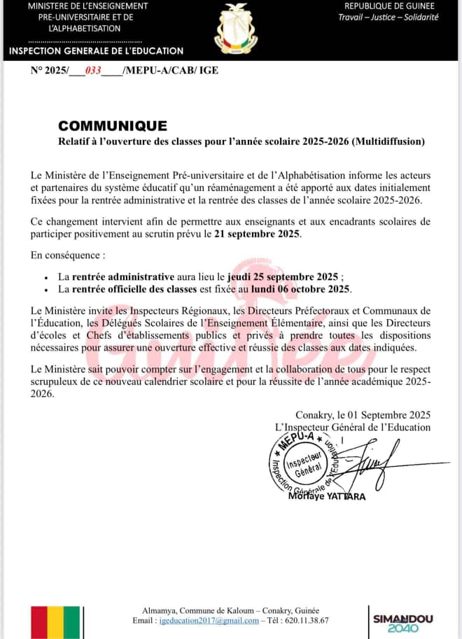 Le ministère guinéen de l’Enseignement Pré-Universitaire et de l’Alphabétisation, vient de reporter à nouveau la rentrée scolaire session 2026 et celle administrative.
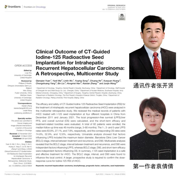 近日,由我院腫瘤一科牽頭,聯(lián)合國內(nèi)4家醫(yī)院共同完成的放射性粒子治療肝癌的多中心研究“The efficacy and safety of CT-GuidedIodine-125 Radioactive Seed Implantation?。≧SI) for the treatment ofintrahepatic recurrent hepatocellular carcinoma”發(fā)表在國際期刊Frontiers in Oncology(2區(qū)/IF6.24)。第一作者袁倩倩,通訊作者張開賢。
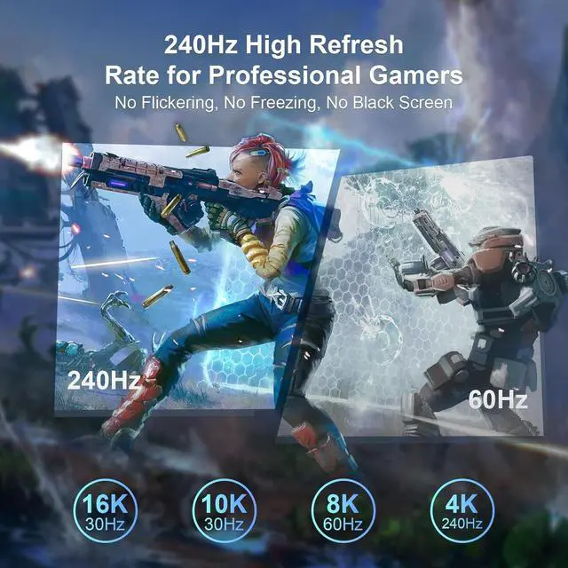 Immersive Gaming ExperienceOur DisplayPort to DisplayPort 2.1 cable supports 3D, HDR, HBR20, HDCP 2.2, Dynamic HDR, DSC1.2a, UHBR10, 3D stereo imaging technology, Auto Low Latency Mode(ALLM) and Variable Refresh Rate(VRR), 32-bit/1536kHz audio channel transmission allows you to finely detect the dynamics of enemies, making it the best choice for enthusiast e-sports players.
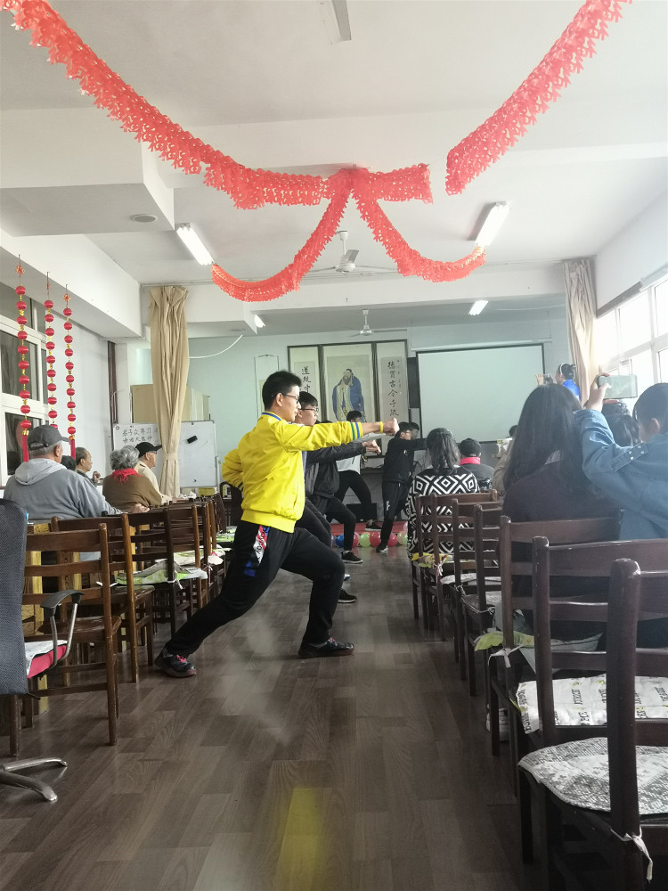 早八点,迎着11月的晨辉,怀着满腔热血与期待的志愿者们出发前往莲花老年公寓,不仅有精心准备的节目,志愿者们还带了亲手做的折纸要送给老人。到达长虹老年公寓后,志愿者们稍作休整,便开始布置演出会场,为慰问演出营造出温暖的气氛。会场布置完毕后,在该院负责人带领下,老人们与志愿者们三次鞠躬行礼,教导大家心存感恩敬畏之心,在庄严肃穆的升国旗奏国歌仪式后,演出便有序开始。志愿者们一行五十余人纷纷登台献艺,为老人们献上一出出精彩纷呈的歌曲、相声、魔术、手语操、军体拳等表演,节目种类丰富多彩,不时赢得老人们的阵阵掌声和笑语。四位主持人妙语连珠,气氛活跃,老人们的脸上绽放出幸福的的笑容。令人记忆最深刻的是几位志愿者演唱的《重返十七岁》,伴着老人们拍手打拍欢愉的歌声荡漾在每个人的心上,不仅勾起老人的回忆,同时志愿者们也感受到时光流逝需要去珍惜,最后节目赢得大家热烈的掌声。两位志愿者精彩的魔术表演使大家一次次拍手称奇,发出阵阵感叹。短短五分钟的视频《路过》感动了在场的所有人,微尘志愿者们清醒的意识到常回家看看,多陪陪伴亲人,不要在忙碌中淡忘了亲情,忽略了亲人。父母在,人生向有来处,父母走,人生再无归途。最后,志愿者们以一曲大合唱《我的中国心》结束本次慰问演出。

### GOAL OF THE EXERCISE
Every line from the top of the material above through the line with "efficacy and safety" should be duplicated exactly, please; leave out the pictures.

### REPLY TO THE TASK
 Le ministère guinéen de l’Enseignement Pré-Universitaire et de l’Alphabétisation, vient de reporter à nouveau la rentrée scolaire session 2026 et celle administrative.
 近日,由我院腫瘤一科牽頭,聯(lián)合國內(nèi)4家醫(yī)院共同完成的放射性粒子治療肝癌的多中心研究“The efficacy and safety of CT-GuidedIodine-125 Radioactive Seed Implantation?。≧SI) for the treatment ofintrahepatic recurrent hepatocellular carcinoma”發(fā)表在國際期刊Frontiers in Oncology(2區(qū)/IF6.24)。第一作者袁倩倩,通訊作者張開賢。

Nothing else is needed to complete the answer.